Anyhoo, the new Moveable Type installation has been delayed, and y'all are stuck with me for the time being. I'd talk about the gridiron, but it's too depressing. Tales of Brooklyn dating, ditto. (I should maybe get a TV, so I'd have something in common to talk about. But then I'd be talking about TV. Hm.)

So, what's on your minds?

Posted by coyu at October 2, 2005 02:57 PM
Comments

Pickle festival in Loisaida this afternoon - (Orchard and Stanton Streets, to be precise). Will report when salinity levels rise in the pm due to overconsumption of kosher dills, bread-and-butters, and mmmmmmmmmmm cured tomatoes.

Posted by: A New York City Math Teacher at October 2, 2005 07:25 PM

Dating a problem...heh heh heh.

Lyuda's friends and family back in the Old Country.

*chuckles*

She keeps bugging me to find worthy men for them. You've definitely got the spunk to survive a Ukrainian.

*tease*

Posted by: Will Baird at October 2, 2005 08:00 PM

We're in Germany. We just went to Coburg. They have a big old statue of Prince Albert in the square there.

We're having a baby on Tuesday.

Did you know that the German Catholic Church has "Emergency Saints"? That's the literal translation. Fourteen of them, including St. Margaret of Antioch and St. Erasmus. They have their own holy pilgrimage site, which we visited.

There are many sorts of bratwurst.


Doug M.

Posted by: claudia at October 3, 2005 12:25 AM

C wrote:
I'd talk about the gridiron, but it's too depressing.

Preach it, brother. Cricket is the same.

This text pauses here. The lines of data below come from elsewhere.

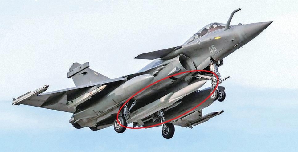 法國(guó)“陣風(fēng)M”戰(zhàn)斗機(jī)機(jī)腹下掛載新型超聲速核導(dǎo)彈ASMPA-R(圖中紅圈內(nèi))。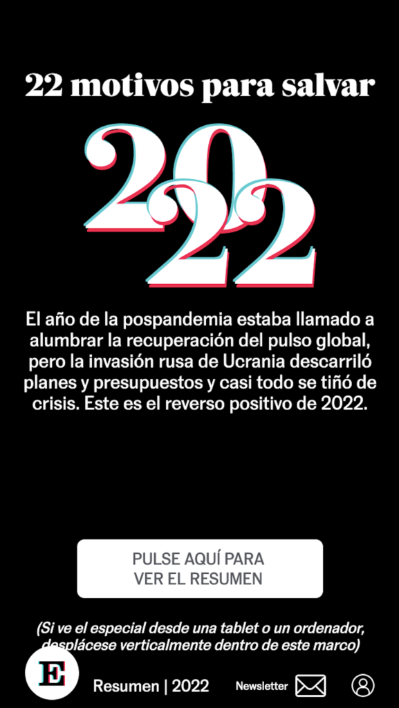 Un buen ejemplo de estas nuevas formas de narrativas que no están exentas de una construcción informativa y periodística es 22 motivos para salvar el 2022, desarrollada por elpais.com en formato web storie.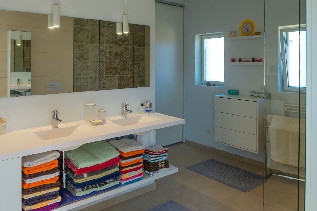 On the main level, you are welcomed by a bright entrance hall with a guest toilet and built-in wardrobe. The fully equipped modern kitchen, complete with top-quality appliances, opens to the dining area and a cozy living room with fireplace a warm and inviting space perfect for gatherings.From the living-dining room, large sliding doors lead directly to the covered porch and the terrace with swimming pool, creating a seamless indoor-outdoor living experience.This floor also includes three spacious bedrooms, each with its own en-suite bathroom and built-in wardrobes, ensuring both privacy and comfort.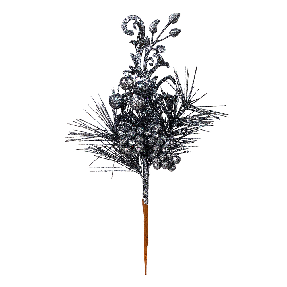 10" Gunmetal Berry Glitt Leaf Pick 12/Bg

Australia being whupped like a red-headed mule is, of course, 'good for the game'. But a necessary, painful humiliation is - no matter how necessary - still uncomfortable.

OTOH, those whacky French. Did you know that as late as the 1880s le sport was still considered to be horse-racing? This was just before the invasion of games from the UK and gymnasiums from Germany.

There was a certain vagueness about team sports. According to Pierre de Courbertin's memoirs in the 1890s the newspaper le Gaulois referred to "the long flat mallets" with which football was played - apparently confusing soccer with cricket.

Doug wrote:
We're having a baby on Tuesday.

Congratulations and best wishes.

And another boy, too, AIUI. In my young day we didn't know birthdays and sex in advance. There's progress for you.

Posted by: Syd Webb at October 3, 2005 06:19 AM

Well then, Carlos, since you are asking for input, it seems to me that you owe us (me, at least) a spot of Vinogradov blogging.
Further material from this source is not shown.